This is a well-constructed paper precisely outlining the methodologies of content analysis in the social science field, which is very clear to me. (especially for the dichotomy of the confirm/discover theory) My question is when trying to confirm a theory, how do we (systemically) search for the optimal supervised methods (and rule out the infeasible ones). Or, how do we justify the choice of a certain ML method that is legitimate enough to validate the theory? That is, are there any thumb of rules to find a good marriage of research questions and methods? In my opinion, in most content analysis research, the interpretation part can be more critical than the (statistical) significance. And perhaps when using unsupervised methods in an attempt to discover theories, the construct matters even more, since the researchers can operationalize concepts within a theory and decide the premises and generalizability.

Thanks all!

melody1126 commented 2 years ago

For the third way in which computational tools contribute to social discoveries and theory formation, which level of research would allow us to draw stronger inferences about social states – the individual level or collective level? Are they different? (pages 41-42) From the first discussion of the of using computational tools to find out about collective attitudes, it seems that big text data is pretty good at tracing social attitudes at the collective level. Would the same be true for sentiment analysis?

hazelchc commented 2 years ago

Hi everyone! I have two questions:

I'm curious how recent NLP tools deal with cultural expressions. In particular, some movie characters, celebrities, or historical figures are associated with specific, collective impressions by people of a certain culture. Sometimes their names are mentioned to refer to the underlying cultural/ historical meanings. Is there a way that machines can interpret those names accurately?
Social data (especially data from social media) can be loaded with junk and spam. If they are not carefully handled, research outcomes can be completely altered. For instance, in Back and colleagues’ (2010) study, messages generated by a single pager posed a huge influence on the findings. However, it seems difficult and time-consuming for researchers to identify them. I'm curious about whether there are better ways to address the issue.

YileC928 commented 2 years ago

The paper provides a well-structured and in-depth literature review of computational content analysis in social sciences. After reading it, I had a much clear understanding of the research contexts, methodologies, and applications. There are two general points that I hope to learn more about:

The paper mentions “unreported and statistically unaccountable data mining” on page 25. What would be an example of that and how could we avoid that? What are the criteria of “statistically accountable data mining”?
The paper divides current literature into three categories, and each presents a level of social inference. How could they interact with each other? Is it possible to combine two or more types in one study? For instance, when studying information diffusion, what are the possible ways to model the aggregation of the micro-level processes into collective communication behavior?

NaiyuJ commented 2 years ago

I'm thinking of two questions when reading this paper: 1) How can we better utilize machine learning & NLP methods and make adaptations when we work on different languages embedded in different cultural environments.
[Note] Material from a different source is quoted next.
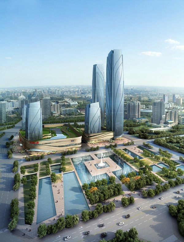 昆明西山萬達廣場是萬達集團打造的商業綜合體項目,享有全國萬達商業最高等級,兩棟高316米的甲級寫字樓是昆明第一高雙塔,也是迄今萬達歷史上的第一高樓,同時也是萬達集團第100個萬達廣場項目,其所處區域正好是昆明泛亞金融產業中心園區核心位置。外形設計構思是從昆明市市花-山茶花演化而來,從高空向下俯瞰是一朵含苞待放的山茶花,立面為向上盛開的花瓣形狀。項目主要采用單元式玻璃幕墻、玻璃肋點支撐幕墻、石材幕墻、框架式玻璃幕墻等系統。
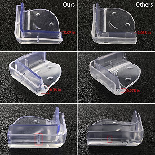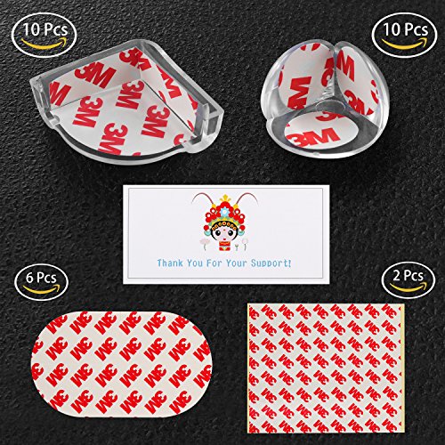 How to Install 1. Clean surface and let it dry completely. (We recommend rubbing alcohol for most surfaces but may not be applicable for all surfaces.) 2. Remove backing and fix the corner on furniture, then smooth out any air bubbles. 3. Press and hold each side firmly for at least 30 seconds. Wait at least 48 hours for full adhesion before testing. Easy to Remove 1. Use a warm cloth on the corner and allow adhesive to soften. 2. Gently peel back the edges of the caring corner. 3. Roll away any remaining adhesive, and clean the surface.(Use carefully when removing from painted or stained surfaces.) Specifications 1 Material type: PVC 2 Material free: Phthalate Free, Lead Free, BPA Free, Latex Free 3 Best uses: table corner protectors; furniture art decors 4 L Shape Size: 4.3*4.3 cm(1.69*1.69 inch) 5 Ball Shape: 3*3 cm(1.18*1.18 inch) 6 L Shape Weight:12g 7 Ball Shape Weight: 10g 8 Number of items: 20 Package Include 10 L-Shaped Corner Guards 10 Ball-shaped Corner Guards 2 Set 3M Taple for L-Shaped 2 Set 3M Taple for Ball Shaped (One Set is enough for 10pcs) 0

For instance, when doing political science research on China using "text-as-data" methods, we are often concerned about how to detect the underlying true meaning behind the words. Unlike English, there may be some implicit implications of expressions in Chinese. I'm wondering how scholars adjust their methods when there are cultural differences in their contexts. 2) Are we able to mix supervised learning and unsupervised learning? I'm thinking that sometimes we want to both learn and discover something on our dataset. Can this be possible?

konratp commented 2 years ago

Hi everyone!

A lot of you have posted very interesting questions already, and I’m quite excited to learn with and from all of you this quarter! I am interested to see where the limits of ML and other approaches are in text analysis projects, and I wonder how much those limits have evolved since this paper has been published. As others have mentioned before, I can’t really imagine how ML approaches would accurately account for comedy and satirical speech, let alone memes that are highly context-specific. Yet, with the rise of Twitter, Tumblr, TikTok and others, these more abstract forms of communication become increasingly prevalent. I suppose my question is, is there any research that tackles these more elaborate forms of communication that so heavily rely on context to get any kind of message across?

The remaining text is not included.